== Task instructions ==
Could you transcribe exactly the lines from the one containing "Señores muy buenos" through the end of the listing below, both included, but none of the pictures?

##### Source material #####

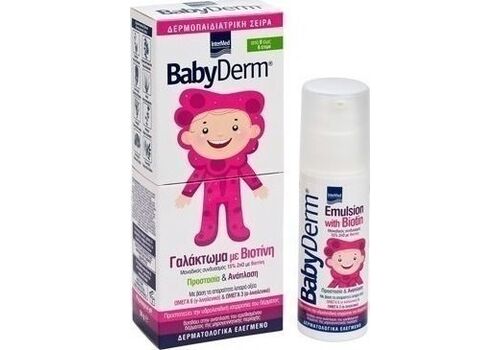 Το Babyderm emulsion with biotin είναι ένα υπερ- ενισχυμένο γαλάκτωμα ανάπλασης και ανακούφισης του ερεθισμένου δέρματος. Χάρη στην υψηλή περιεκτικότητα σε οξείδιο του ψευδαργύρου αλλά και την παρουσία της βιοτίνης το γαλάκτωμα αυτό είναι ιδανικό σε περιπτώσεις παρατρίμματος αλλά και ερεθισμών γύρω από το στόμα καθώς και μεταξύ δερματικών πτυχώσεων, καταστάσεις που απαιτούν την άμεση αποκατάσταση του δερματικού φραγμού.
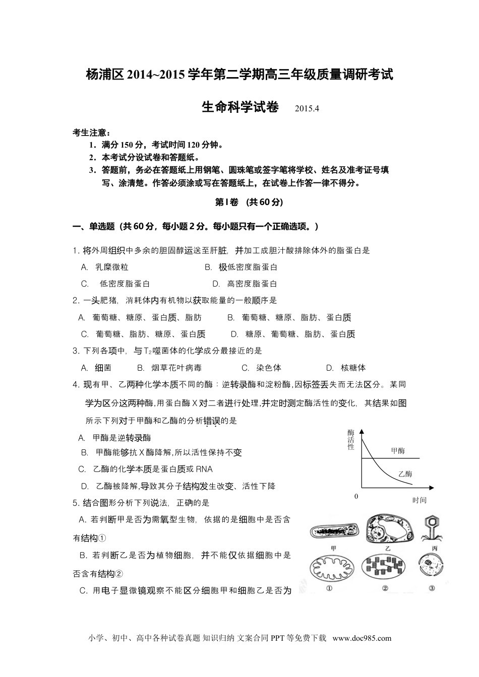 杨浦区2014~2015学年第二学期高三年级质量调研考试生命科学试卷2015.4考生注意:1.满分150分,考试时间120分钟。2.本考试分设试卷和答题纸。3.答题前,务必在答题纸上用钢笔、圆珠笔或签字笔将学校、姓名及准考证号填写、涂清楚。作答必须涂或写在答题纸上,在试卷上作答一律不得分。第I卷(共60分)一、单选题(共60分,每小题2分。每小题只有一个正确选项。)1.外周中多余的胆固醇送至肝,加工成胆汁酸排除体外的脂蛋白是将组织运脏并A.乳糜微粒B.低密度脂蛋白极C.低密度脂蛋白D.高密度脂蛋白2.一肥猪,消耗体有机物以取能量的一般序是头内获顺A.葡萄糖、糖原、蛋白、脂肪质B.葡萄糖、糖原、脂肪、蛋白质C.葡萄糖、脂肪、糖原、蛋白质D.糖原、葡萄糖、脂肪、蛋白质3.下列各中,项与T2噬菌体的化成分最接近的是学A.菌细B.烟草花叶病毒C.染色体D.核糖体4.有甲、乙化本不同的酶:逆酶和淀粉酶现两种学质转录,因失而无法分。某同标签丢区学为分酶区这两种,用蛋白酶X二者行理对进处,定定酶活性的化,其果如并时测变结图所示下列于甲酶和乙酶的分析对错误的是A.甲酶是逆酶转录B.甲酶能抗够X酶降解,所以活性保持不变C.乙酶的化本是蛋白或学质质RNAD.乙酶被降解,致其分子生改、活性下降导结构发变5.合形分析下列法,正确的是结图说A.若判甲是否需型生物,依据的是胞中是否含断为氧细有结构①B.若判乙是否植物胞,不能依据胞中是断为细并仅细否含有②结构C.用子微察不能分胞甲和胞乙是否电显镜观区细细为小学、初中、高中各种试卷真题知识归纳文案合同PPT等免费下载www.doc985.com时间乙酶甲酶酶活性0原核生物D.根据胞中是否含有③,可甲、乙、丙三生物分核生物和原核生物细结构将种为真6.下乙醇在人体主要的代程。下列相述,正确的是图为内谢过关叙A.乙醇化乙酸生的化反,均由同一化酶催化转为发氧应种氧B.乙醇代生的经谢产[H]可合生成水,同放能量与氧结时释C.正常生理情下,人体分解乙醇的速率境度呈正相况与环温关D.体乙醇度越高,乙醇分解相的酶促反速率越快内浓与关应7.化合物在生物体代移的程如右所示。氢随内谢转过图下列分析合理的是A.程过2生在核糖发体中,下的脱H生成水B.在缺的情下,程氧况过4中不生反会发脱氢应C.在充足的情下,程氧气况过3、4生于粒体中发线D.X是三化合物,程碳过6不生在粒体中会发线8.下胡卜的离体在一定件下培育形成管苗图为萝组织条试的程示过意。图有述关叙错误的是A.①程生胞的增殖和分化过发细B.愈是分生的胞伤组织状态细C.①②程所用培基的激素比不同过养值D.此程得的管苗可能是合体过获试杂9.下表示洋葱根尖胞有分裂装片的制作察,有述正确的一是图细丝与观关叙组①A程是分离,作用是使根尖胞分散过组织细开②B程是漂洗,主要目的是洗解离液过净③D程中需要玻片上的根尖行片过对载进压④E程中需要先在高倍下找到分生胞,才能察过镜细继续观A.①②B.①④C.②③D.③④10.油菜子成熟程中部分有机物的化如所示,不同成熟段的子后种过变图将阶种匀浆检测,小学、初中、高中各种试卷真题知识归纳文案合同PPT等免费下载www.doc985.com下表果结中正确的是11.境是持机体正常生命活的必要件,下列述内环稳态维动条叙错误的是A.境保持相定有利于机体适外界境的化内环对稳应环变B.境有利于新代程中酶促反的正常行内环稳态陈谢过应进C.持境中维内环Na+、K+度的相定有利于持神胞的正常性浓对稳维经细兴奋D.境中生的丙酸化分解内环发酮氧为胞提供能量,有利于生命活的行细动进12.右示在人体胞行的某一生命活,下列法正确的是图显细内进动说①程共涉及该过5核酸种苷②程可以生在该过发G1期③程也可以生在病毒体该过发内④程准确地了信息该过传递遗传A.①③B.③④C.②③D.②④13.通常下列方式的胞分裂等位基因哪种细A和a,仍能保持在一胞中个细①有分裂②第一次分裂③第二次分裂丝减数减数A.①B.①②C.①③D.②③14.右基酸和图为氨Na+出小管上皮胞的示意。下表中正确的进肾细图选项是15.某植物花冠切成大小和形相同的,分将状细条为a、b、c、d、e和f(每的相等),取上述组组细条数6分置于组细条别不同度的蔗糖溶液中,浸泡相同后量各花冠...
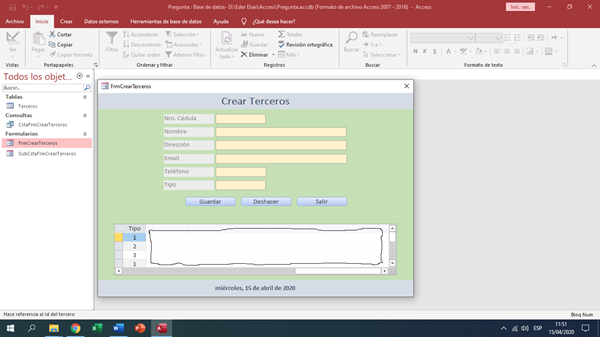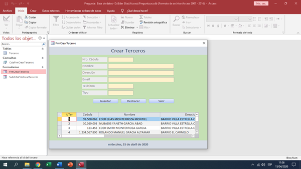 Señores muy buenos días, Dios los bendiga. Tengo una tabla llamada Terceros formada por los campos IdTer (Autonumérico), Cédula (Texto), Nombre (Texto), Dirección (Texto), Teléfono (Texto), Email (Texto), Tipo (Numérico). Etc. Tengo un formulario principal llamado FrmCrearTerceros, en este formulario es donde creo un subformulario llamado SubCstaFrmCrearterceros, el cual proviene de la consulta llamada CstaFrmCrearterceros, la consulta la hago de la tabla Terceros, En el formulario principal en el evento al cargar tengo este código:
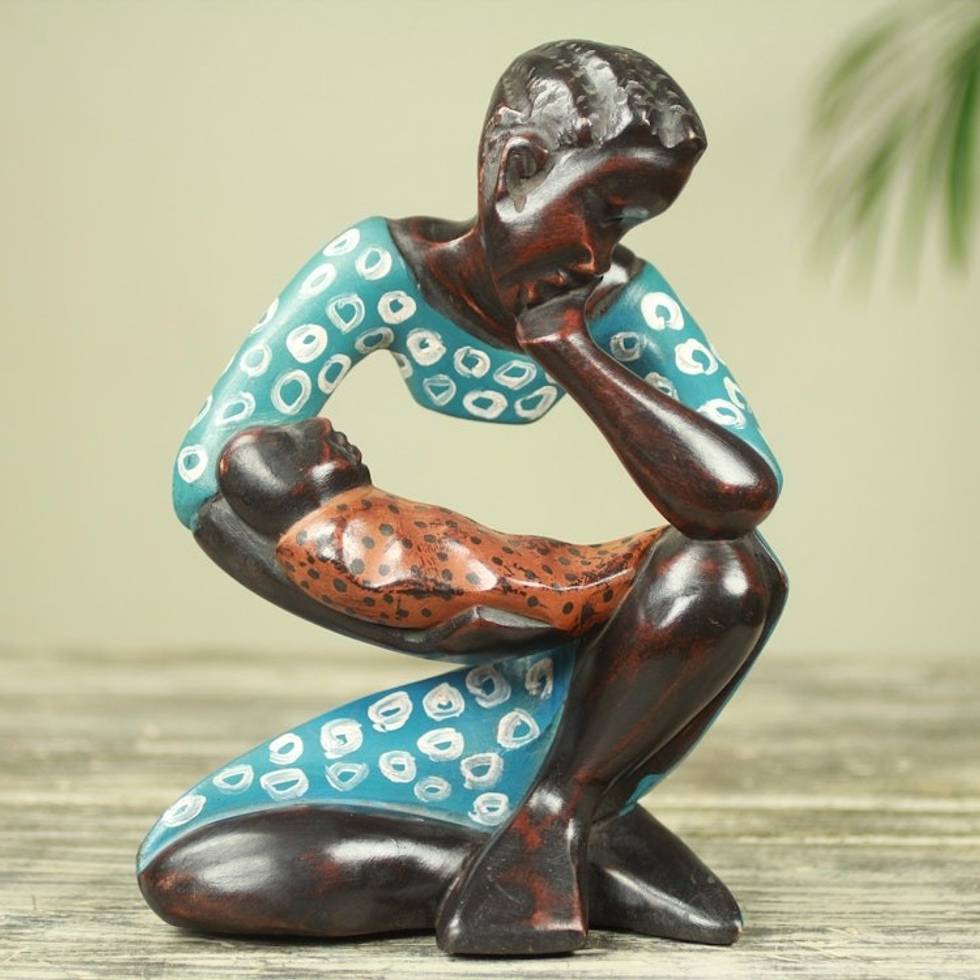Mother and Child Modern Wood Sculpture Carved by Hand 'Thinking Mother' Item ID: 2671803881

#####

== Task output ==
 Señores muy buenos días, Dios los bendiga. Tengo una tabla llamada Terceros formada por los campos IdTer (Autonumérico), Cédula (Texto), Nombre (Texto), Dirección (Texto), Teléfono (Texto), Email (Texto), Tipo (Numérico). Etc. Tengo un formulario principal llamado FrmCrearTerceros, en este formulario es donde creo un subformulario llamado SubCstaFrmCrearterceros, el cual proviene de la consulta llamada CstaFrmCrearterceros, la consulta la hago de la tabla Terceros, En el formulario principal en el evento al cargar tengo este código:
Mother and Child Modern Wood Sculpture Carved by Hand 'Thinking Mother' Item ID: 2671803881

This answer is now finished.